*** SUPPLIED MATERIAL ***
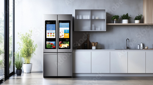 Smart Refrigerator in a Modern Kitchen. A sleek smart refrigerator with touch screen functionality in a modern, minimalist kitchen interior.
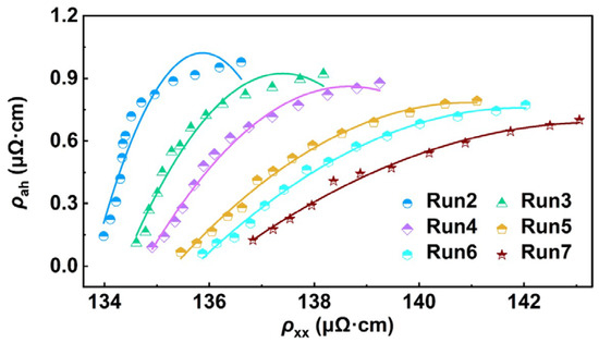 To gain further insight into the reduction of magnetism in Ar+ irradiated Fe3GeTe2, we employ fitting between and based on Equation (2) to determine contribution from different mechanisms. The longitudinal resistivity () is obtained by the relation of , where the d is the thickness of device and the L/W is the aspect ratio between the measured electrodes. The transverse resistivity () is derived according to the relation of . Wherein the () is the longitudinal (transverse) resistance after the standard symmetrization (anti-symmetrization) procedure [22,33]. Then the anomalous Hall resistivity () can be determined by extrapolating the high field (H > 1 T) part of back to zero field. The fitting results are shown in Figure 4 for data from the Ar+ irradiation run 2–7, which demonstrated the applicability of the TYJ scaling relation.
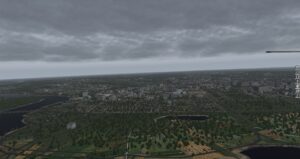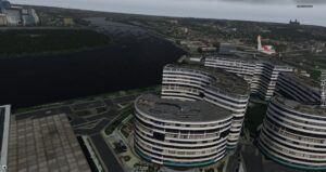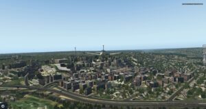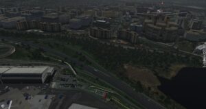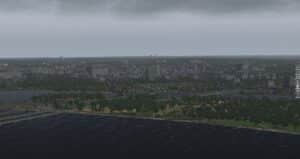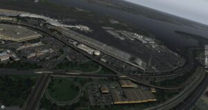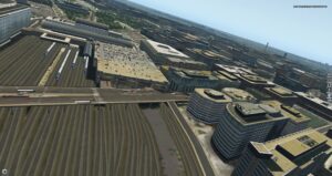 Vor den Hochhäusern liegen Eisenbahnschienen, die auch von den X-Plane-eigenen Eisenbahnen genutzt werden, genauso wie auf den Straßen der Standard-Autoverkehr fließt. In der direkten Umgebung der Custom-Gebäude wirkt das Gelände etwas flach und unscharf, doch direkt dahinter sieht es verdächtig nach den Default Gebäuden aus.
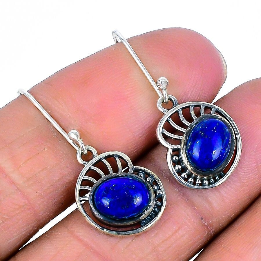 Lapis Lazuli Gemstone Solid Sterling Silver Artisan Dangle Drop Earrings Jewelry
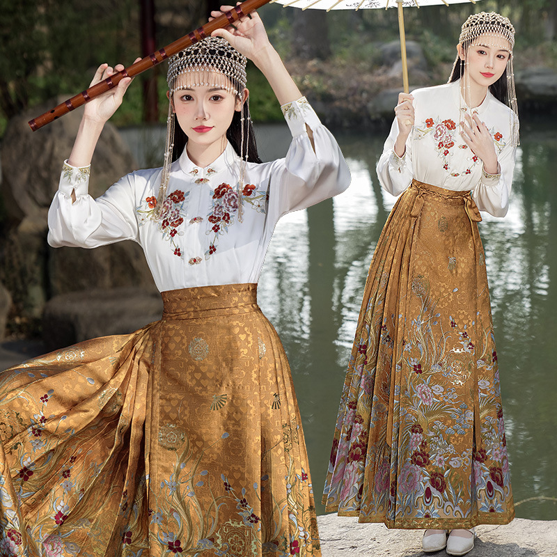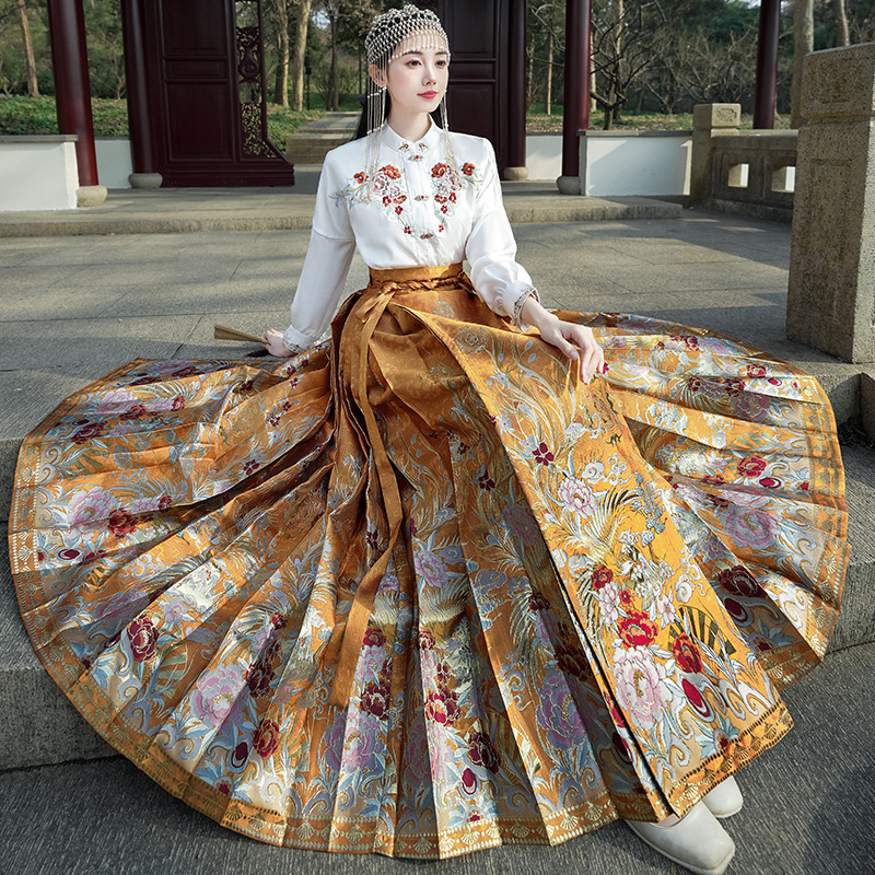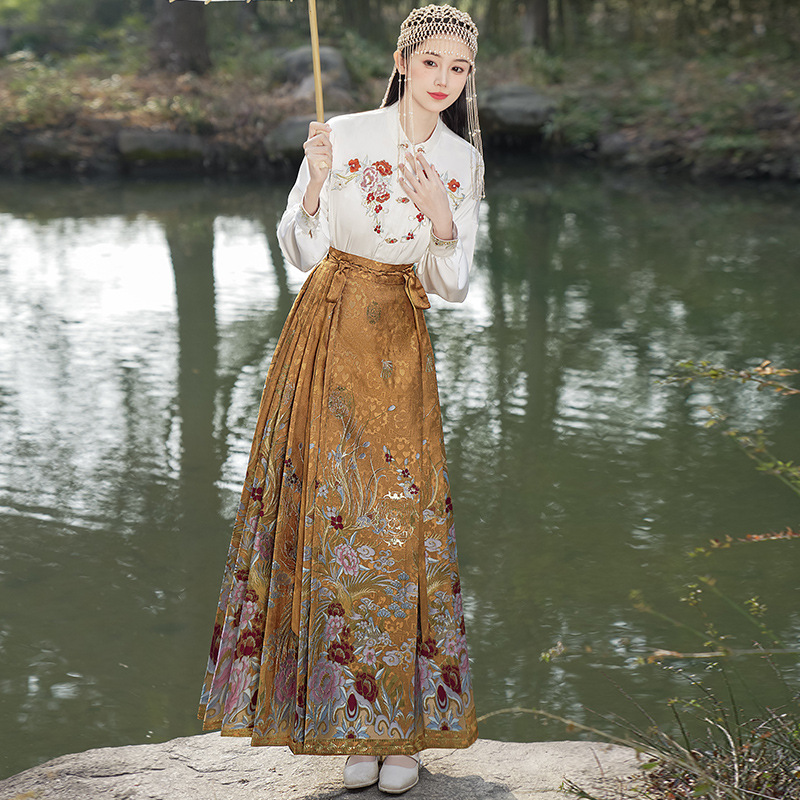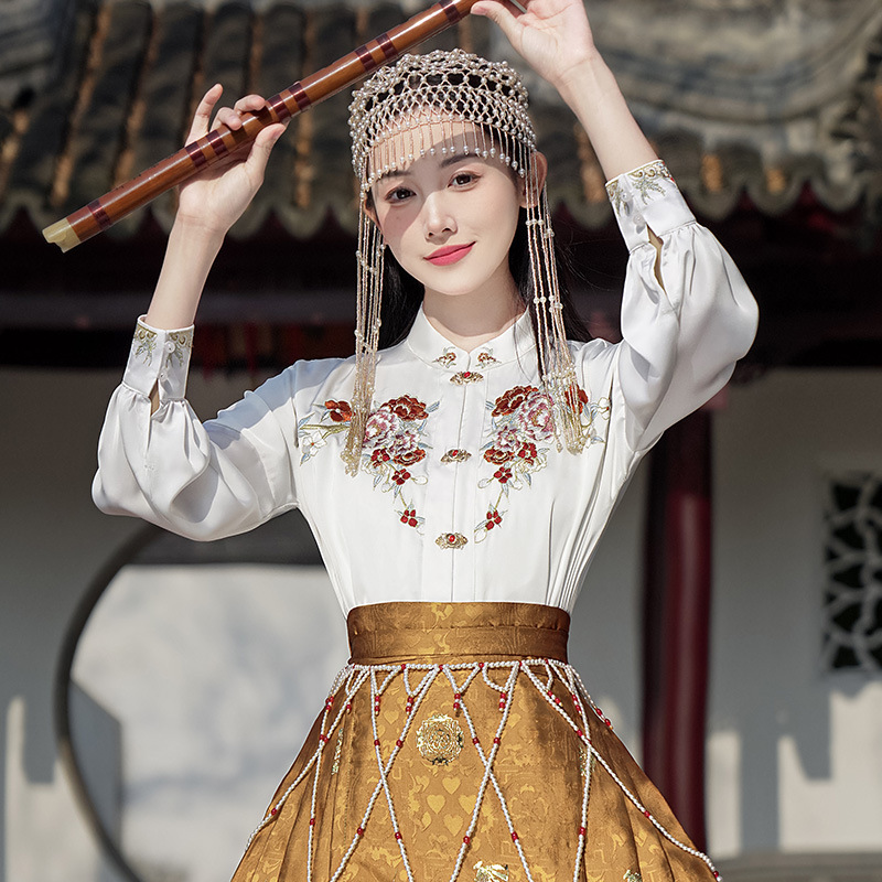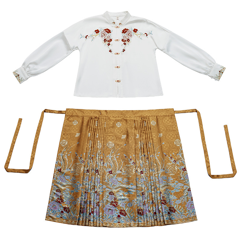 Настоящий выстрел, Новый китайский стиль, воротник-стойка, сверхпрочный топ с пряжкой для вышивки, цельный негабаритный тканый жилет с вышивкой золотом, юбка, костюм
*** End of SUPPLIED MATERIAL ***
### TASK GOAL
Reproduce everything above exactly, images excluded.

### PROBLEM SOLUTION
 Smart Refrigerator in a Modern Kitchen. A sleek smart refrigerator with touch screen functionality in a modern, minimalist kitchen interior.
 To gain further insight into the reduction of magnetism in Ar+ irradiated Fe3GeTe2, we employ fitting between and based on Equation (2) to determine contribution from different mechanisms. The longitudinal resistivity () is obtained by the relation of , where the d is the thickness of device and the L/W is the aspect ratio between the measured electrodes. The transverse resistivity () is derived according to the relation of . Wherein the () is the longitudinal (transverse) resistance after the standard symmetrization (anti-symmetrization) procedure [22,33]. Then the anomalous Hall resistivity () can be determined by extrapolating the high field (H > 1 T) part of back to zero field. The fitting results are shown in Figure 4 for data from the Ar+ irradiation run 2–7, which demonstrated the applicability of the TYJ scaling relation.
 Vor den Hochhäusern liegen Eisenbahnschienen, die auch von den X-Plane-eigenen Eisenbahnen genutzt werden, genauso wie auf den Straßen der Standard-Autoverkehr fließt. In der direkten Umgebung der Custom-Gebäude wirkt das Gelände etwas flach und unscharf, doch direkt dahinter sieht es verdächtig nach den Default Gebäuden aus.
 Lapis Lazuli Gemstone Solid Sterling Silver Artisan Dangle Drop Earrings Jewelry
 Настоящий выстрел, Новый китайский стиль, воротник-стойка, сверхпрочный топ с пряжкой для вышивки, цельный негабаритный тканый жилет с вышивкой золотом, юбка, костюм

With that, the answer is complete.